**WORK REQUEST**
Restate the listing below word for word, omitting any images.

**DATA SHOWN**
========================================================================

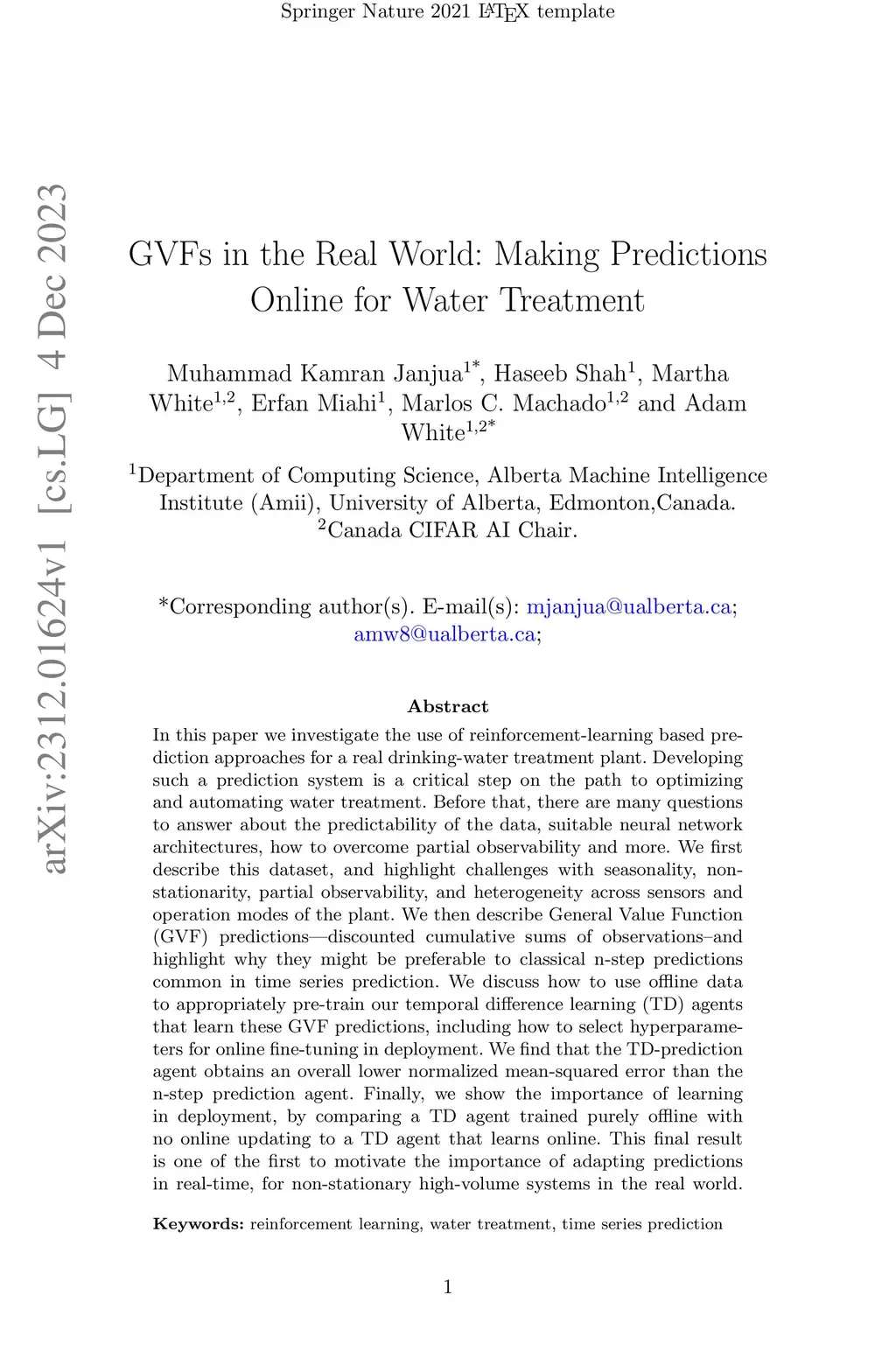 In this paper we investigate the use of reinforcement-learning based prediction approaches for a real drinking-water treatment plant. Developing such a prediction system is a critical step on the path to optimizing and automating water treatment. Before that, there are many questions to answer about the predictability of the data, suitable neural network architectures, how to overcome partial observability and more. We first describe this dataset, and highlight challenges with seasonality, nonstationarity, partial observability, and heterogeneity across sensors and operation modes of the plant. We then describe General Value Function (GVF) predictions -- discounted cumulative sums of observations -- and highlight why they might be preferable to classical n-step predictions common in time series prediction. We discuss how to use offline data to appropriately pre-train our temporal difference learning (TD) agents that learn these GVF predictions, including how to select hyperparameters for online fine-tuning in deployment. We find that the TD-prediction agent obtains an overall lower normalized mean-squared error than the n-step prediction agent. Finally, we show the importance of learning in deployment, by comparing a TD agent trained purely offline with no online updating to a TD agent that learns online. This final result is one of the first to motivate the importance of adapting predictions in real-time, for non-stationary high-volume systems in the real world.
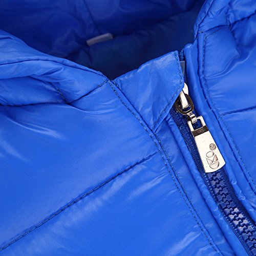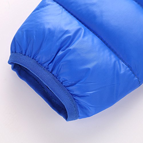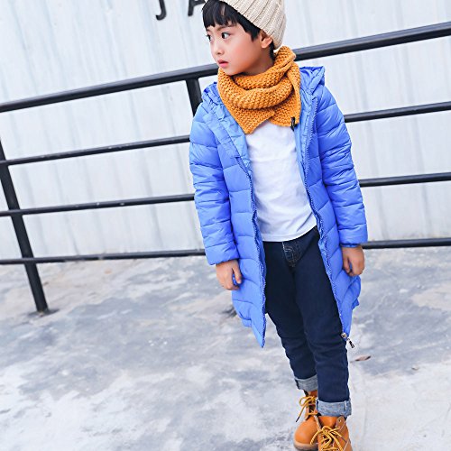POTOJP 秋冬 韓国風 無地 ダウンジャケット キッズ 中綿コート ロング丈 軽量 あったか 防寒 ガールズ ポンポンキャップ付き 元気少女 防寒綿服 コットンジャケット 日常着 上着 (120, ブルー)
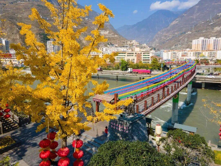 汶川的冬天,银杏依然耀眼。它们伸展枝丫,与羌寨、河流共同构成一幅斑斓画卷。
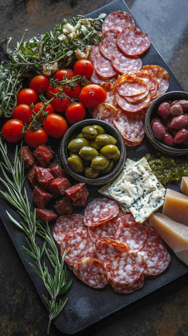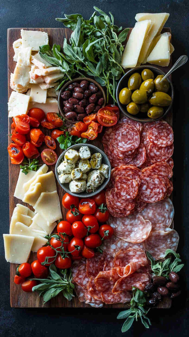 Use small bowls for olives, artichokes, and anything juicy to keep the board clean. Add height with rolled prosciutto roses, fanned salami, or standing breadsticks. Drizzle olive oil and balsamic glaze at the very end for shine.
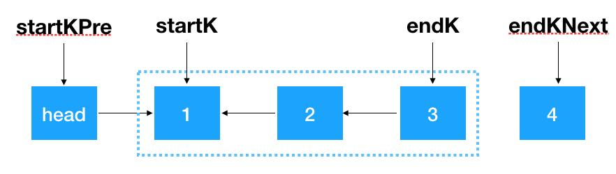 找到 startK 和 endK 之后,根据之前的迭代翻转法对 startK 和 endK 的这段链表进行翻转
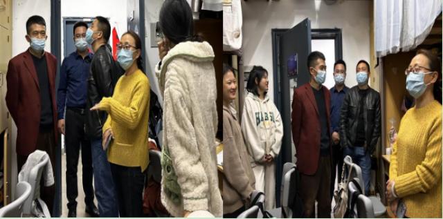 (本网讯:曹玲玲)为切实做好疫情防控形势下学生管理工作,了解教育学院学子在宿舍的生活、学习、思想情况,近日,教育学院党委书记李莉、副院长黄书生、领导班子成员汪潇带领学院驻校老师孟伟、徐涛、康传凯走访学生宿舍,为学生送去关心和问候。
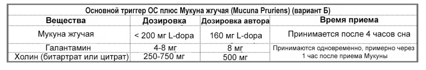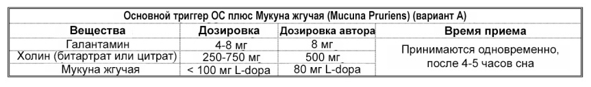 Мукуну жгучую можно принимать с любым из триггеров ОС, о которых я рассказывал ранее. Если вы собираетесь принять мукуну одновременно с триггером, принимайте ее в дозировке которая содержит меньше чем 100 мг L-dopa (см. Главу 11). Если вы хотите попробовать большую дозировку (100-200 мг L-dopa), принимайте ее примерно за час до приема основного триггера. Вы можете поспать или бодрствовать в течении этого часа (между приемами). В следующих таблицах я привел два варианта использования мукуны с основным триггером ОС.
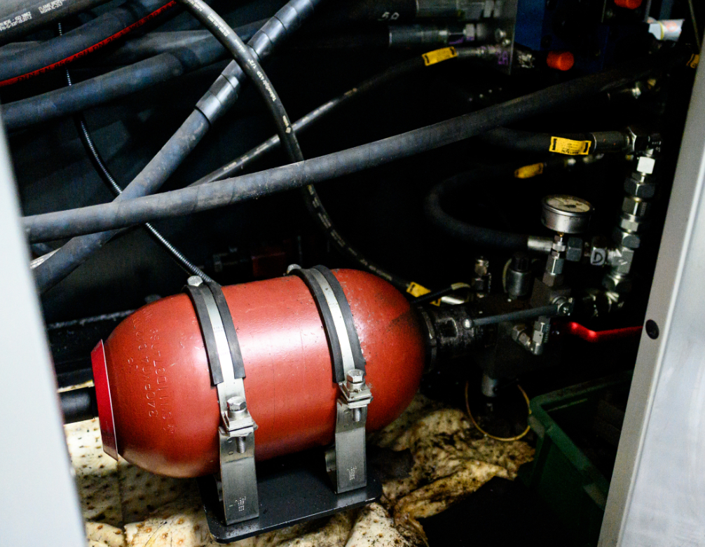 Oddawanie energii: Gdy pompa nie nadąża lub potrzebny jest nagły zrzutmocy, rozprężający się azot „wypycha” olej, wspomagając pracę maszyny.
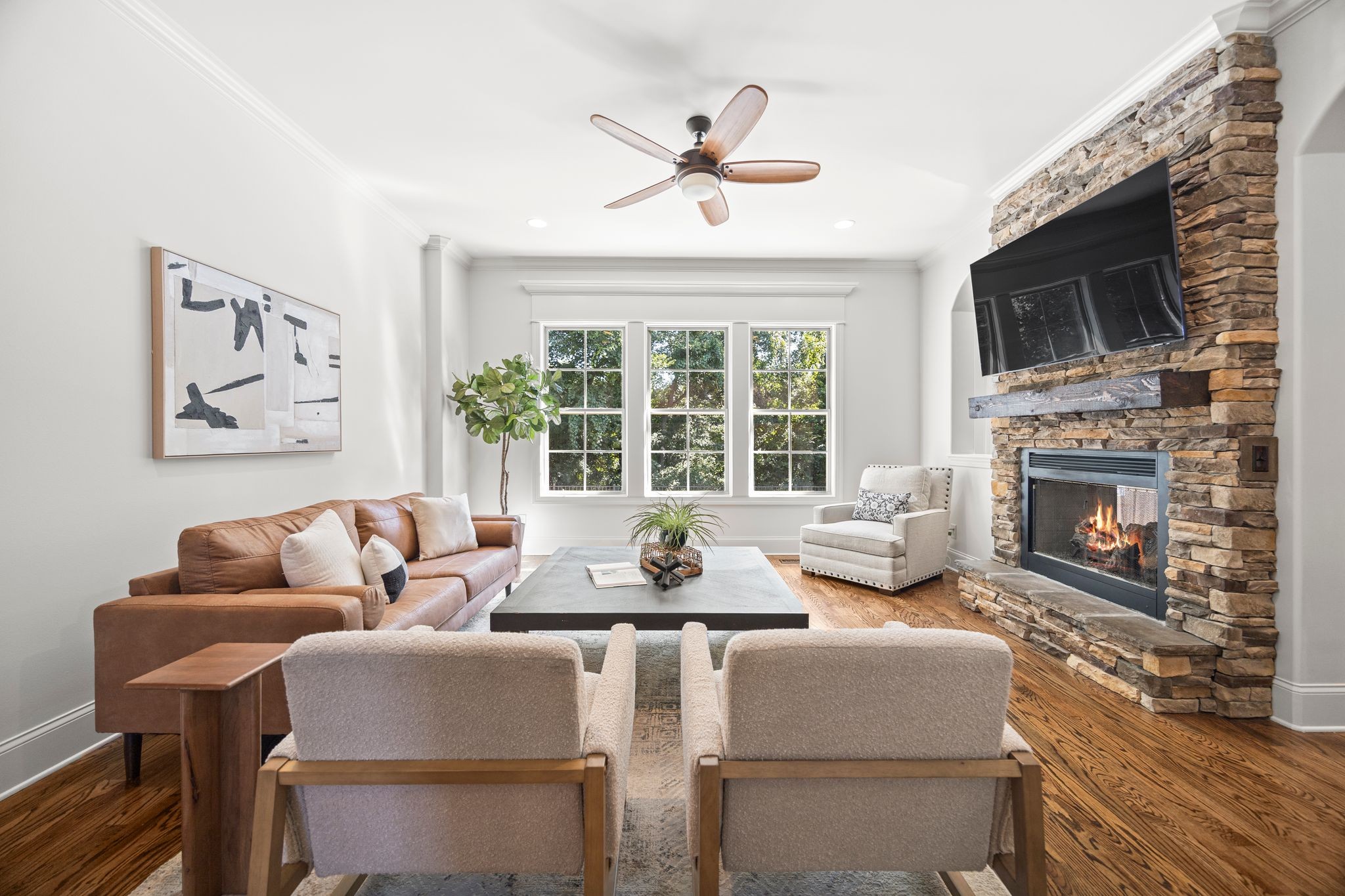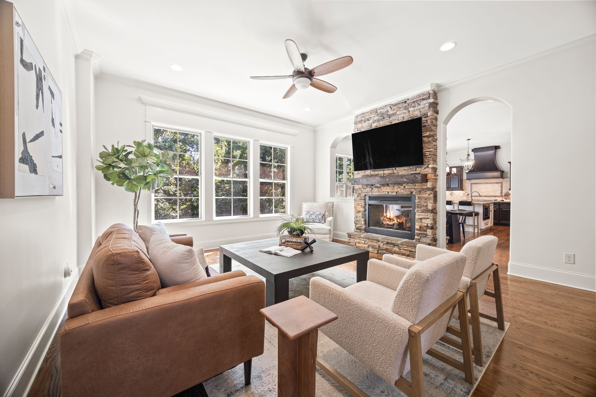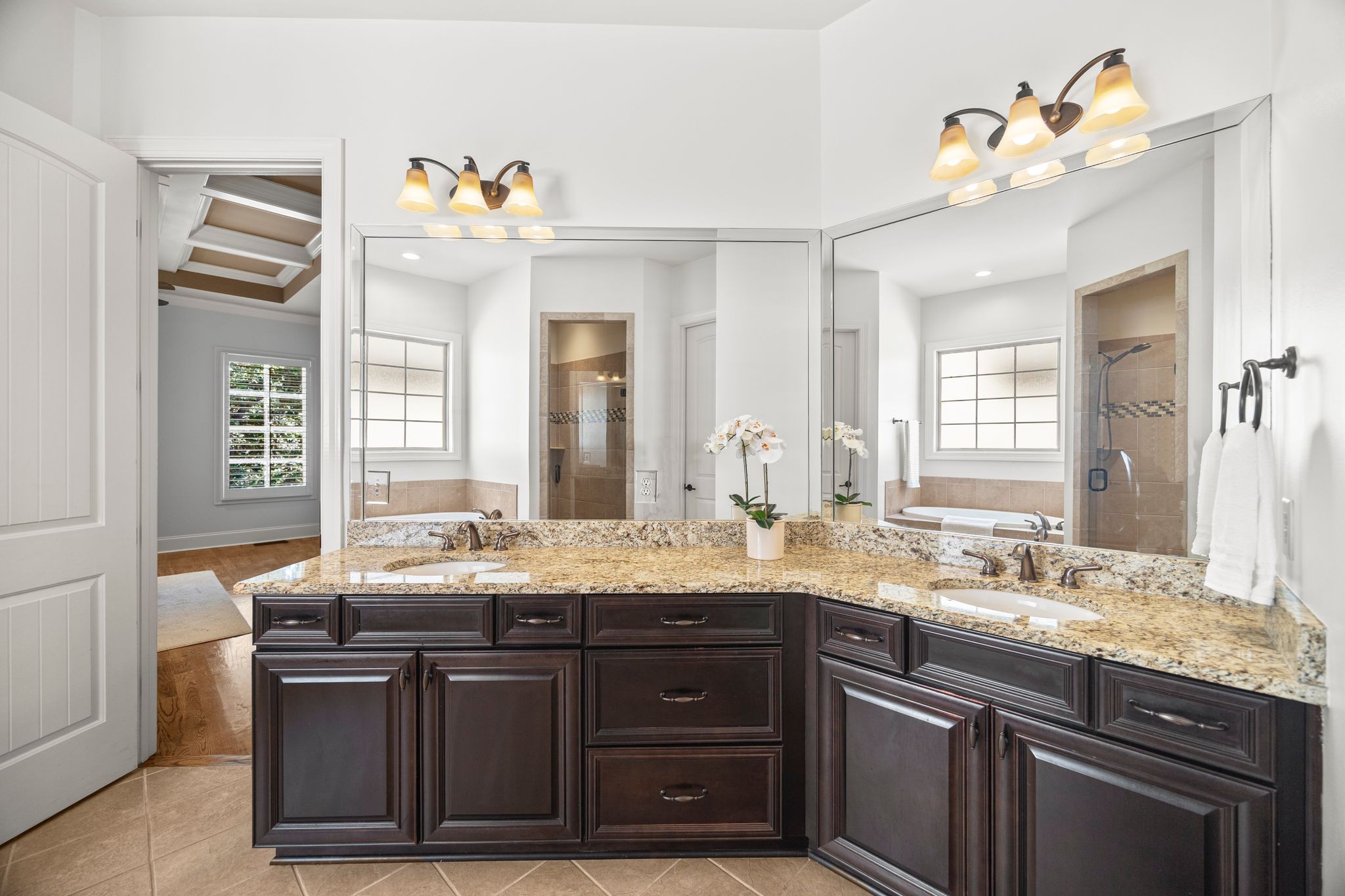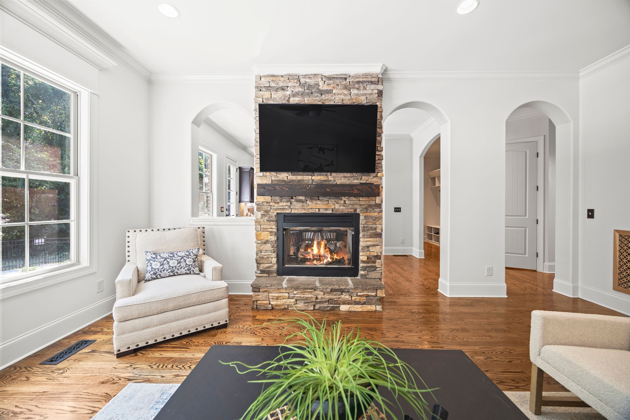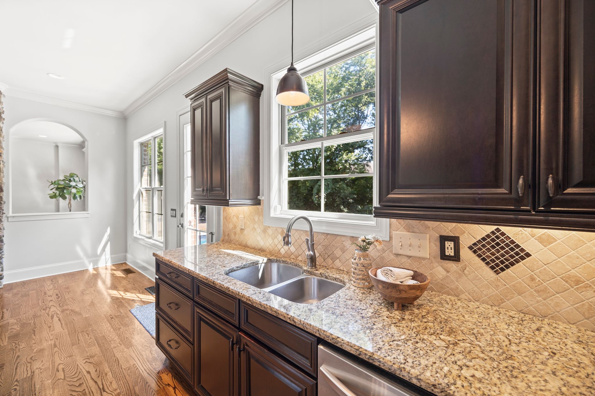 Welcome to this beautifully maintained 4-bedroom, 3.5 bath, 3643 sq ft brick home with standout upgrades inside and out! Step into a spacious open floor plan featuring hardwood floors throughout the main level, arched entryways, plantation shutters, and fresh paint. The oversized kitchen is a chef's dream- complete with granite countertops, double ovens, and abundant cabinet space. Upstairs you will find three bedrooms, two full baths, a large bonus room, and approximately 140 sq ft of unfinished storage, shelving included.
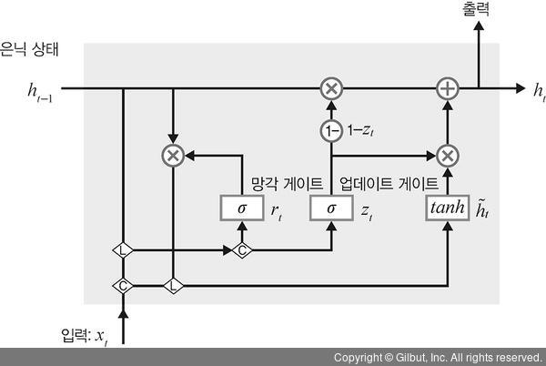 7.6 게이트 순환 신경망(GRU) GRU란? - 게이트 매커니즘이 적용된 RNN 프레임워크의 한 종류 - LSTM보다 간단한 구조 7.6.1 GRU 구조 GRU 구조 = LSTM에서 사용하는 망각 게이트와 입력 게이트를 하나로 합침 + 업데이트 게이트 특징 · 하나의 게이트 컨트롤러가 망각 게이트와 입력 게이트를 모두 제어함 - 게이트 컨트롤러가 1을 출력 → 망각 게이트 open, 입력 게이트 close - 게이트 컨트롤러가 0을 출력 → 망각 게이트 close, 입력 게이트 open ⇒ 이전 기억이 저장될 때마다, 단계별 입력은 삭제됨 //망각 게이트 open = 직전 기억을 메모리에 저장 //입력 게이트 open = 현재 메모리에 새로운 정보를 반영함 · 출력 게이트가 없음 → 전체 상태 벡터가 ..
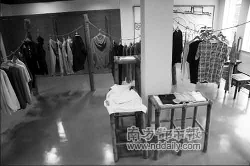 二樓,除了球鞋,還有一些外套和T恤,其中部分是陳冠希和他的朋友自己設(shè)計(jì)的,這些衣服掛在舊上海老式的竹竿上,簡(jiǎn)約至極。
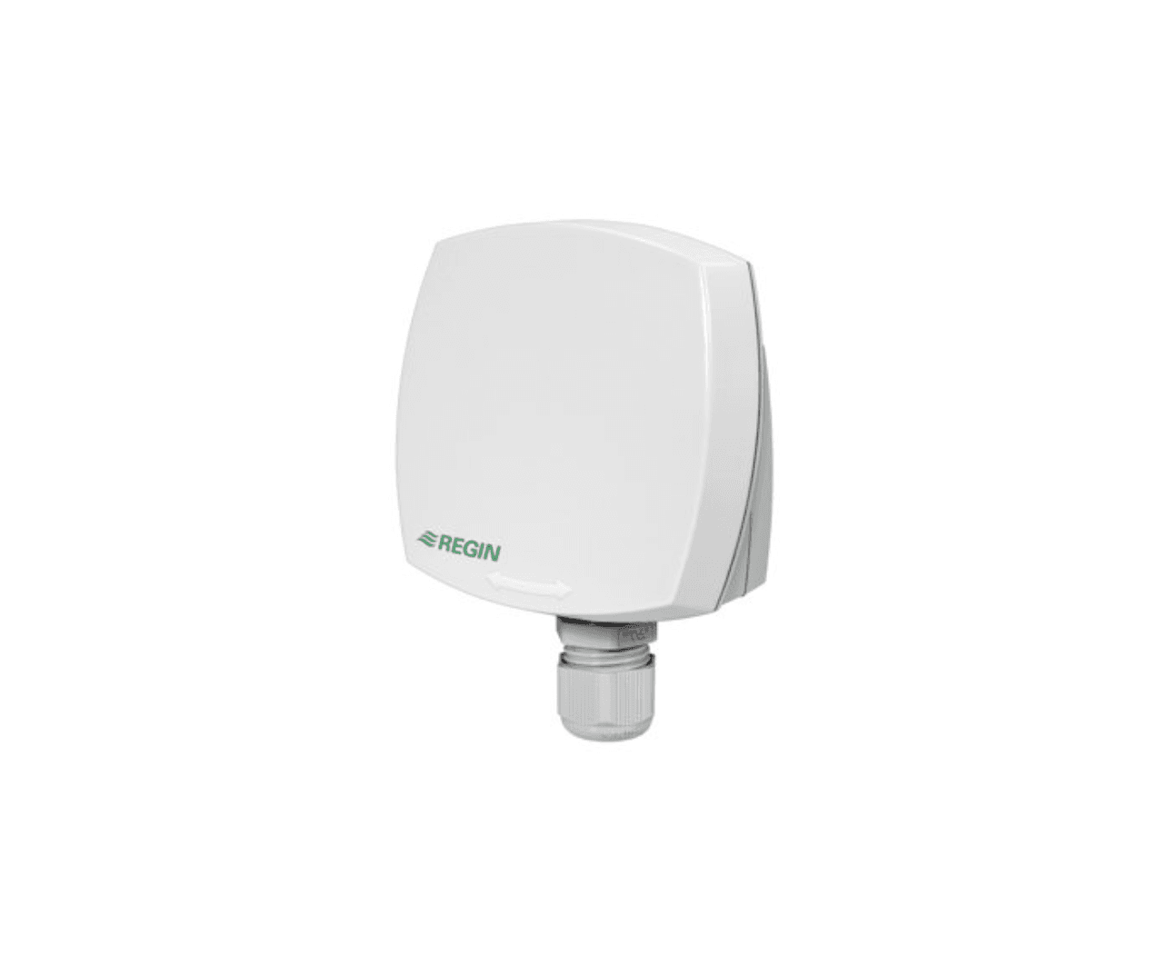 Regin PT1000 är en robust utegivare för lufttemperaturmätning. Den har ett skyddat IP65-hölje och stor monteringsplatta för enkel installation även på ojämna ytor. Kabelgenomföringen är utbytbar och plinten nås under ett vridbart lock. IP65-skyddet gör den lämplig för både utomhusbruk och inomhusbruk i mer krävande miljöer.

========================================================================

**EXERCISE OUTPUT**
 In this paper we investigate the use of reinforcement-learning based prediction approaches for a real drinking-water treatment plant. Developing such a prediction system is a critical step on the path to optimizing and automating water treatment. Before that, there are many questions to answer about the predictability of the data, suitable neural network architectures, how to overcome partial observability and more. We first describe this dataset, and highlight challenges with seasonality, nonstationarity, partial observability, and heterogeneity across sensors and operation modes of the plant. We then describe General Value Function (GVF) predictions -- discounted cumulative sums of observations -- and highlight why they might be preferable to classical n-step predictions common in time series prediction. We discuss how to use offline data to appropriately pre-train our temporal difference learning (TD) agents that learn these GVF predictions, including how to select hyperparameters for online fine-tuning in deployment. We find that the TD-prediction agent obtains an overall lower normalized mean-squared error than the n-step prediction agent. Finally, we show the importance of learning in deployment, by comparing a TD agent trained purely offline with no online updating to a TD agent that learns online. This final result is one of the first to motivate the importance of adapting predictions in real-time, for non-stationary high-volume systems in the real world.
POTOJP 秋冬 韓国風 無地 ダウンジャケット キッズ 中綿コート ロング丈 軽量 あったか 防寒 ガールズ ポンポンキャップ付き 元気少女 防寒綿服 コットンジャケット 日常着 上着 (120, ブルー)
 汶川的冬天,银杏依然耀眼。它们伸展枝丫,与羌寨、河流共同构成一幅斑斓画卷。
 Use small bowls for olives, artichokes, and anything juicy to keep the board clean. Add height with rolled prosciutto roses, fanned salami, or standing breadsticks. Drizzle olive oil and balsamic glaze at the very end for shine.
 找到 startK 和 endK 之后,根据之前的迭代翻转法对 startK 和 endK 的这段链表进行翻转
 (本网讯:曹玲玲)为切实做好疫情防控形势下学生管理工作,了解教育学院学子在宿舍的生活、学习、思想情况,近日,教育学院党委书记李莉、副院长黄书生、领导班子成员汪潇带领学院驻校老师孟伟、徐涛、康传凯走访学生宿舍,为学生送去关心和问候。
 Мукуну жгучую можно принимать с любым из триггеров ОС, о которых я рассказывал ранее. Если вы собираетесь принять мукуну одновременно с триггером, принимайте ее в дозировке которая содержит меньше чем 100 мг L-dopa (см. Главу 11). Если вы хотите попробовать большую дозировку (100-200 мг L-dopa), принимайте ее примерно за час до приема основного триггера. Вы можете поспать или бодрствовать в течении этого часа (между приемами). В следующих таблицах я привел два варианта использования мукуны с основным триггером ОС.
 Oddawanie energii: Gdy pompa nie nadąża lub potrzebny jest nagły zrzutmocy, rozprężający się azot „wypycha” olej, wspomagając pracę maszyny.
 Welcome to this beautifully maintained 4-bedroom, 3.5 bath, 3643 sq ft brick home with standout upgrades inside and out! Step into a spacious open floor plan featuring hardwood floors throughout the main level, arched entryways, plantation shutters, and fresh paint. The oversized kitchen is a chef's dream- complete with granite countertops, double ovens, and abundant cabinet space. Upstairs you will find three bedrooms, two full baths, a large bonus room, and approximately 140 sq ft of unfinished storage, shelving included.
 7.6 게이트 순환 신경망(GRU) GRU란? - 게이트 매커니즘이 적용된 RNN 프레임워크의 한 종류 - LSTM보다 간단한 구조 7.6.1 GRU 구조 GRU 구조 = LSTM에서 사용하는 망각 게이트와 입력 게이트를 하나로 합침 + 업데이트 게이트 특징 · 하나의 게이트 컨트롤러가 망각 게이트와 입력 게이트를 모두 제어함 - 게이트 컨트롤러가 1을 출력 → 망각 게이트 open, 입력 게이트 close - 게이트 컨트롤러가 0을 출력 → 망각 게이트 close, 입력 게이트 open ⇒ 이전 기억이 저장될 때마다, 단계별 입력은 삭제됨 //망각 게이트 open = 직전 기억을 메모리에 저장 //입력 게이트 open = 현재 메모리에 새로운 정보를 반영함 · 출력 게이트가 없음 → 전체 상태 벡터가 ..
 二樓,除了球鞋,還有一些外套和T恤,其中部分是陳冠希和他的朋友自己設(shè)計(jì)的,這些衣服掛在舊上海老式的竹竿上,簡(jiǎn)約至極。
 Regin PT1000 är en robust utegivare för lufttemperaturmätning. Den har ett skyddat IP65-hölje och stor monteringsplatta för enkel installation även på ojämna ytor. Kabelgenomföringen är utbytbar och plinten nås under ett vridbart lock. IP65-skyddet gör den lämplig för både utomhusbruk och inomhusbruk i mer krävande miljöer.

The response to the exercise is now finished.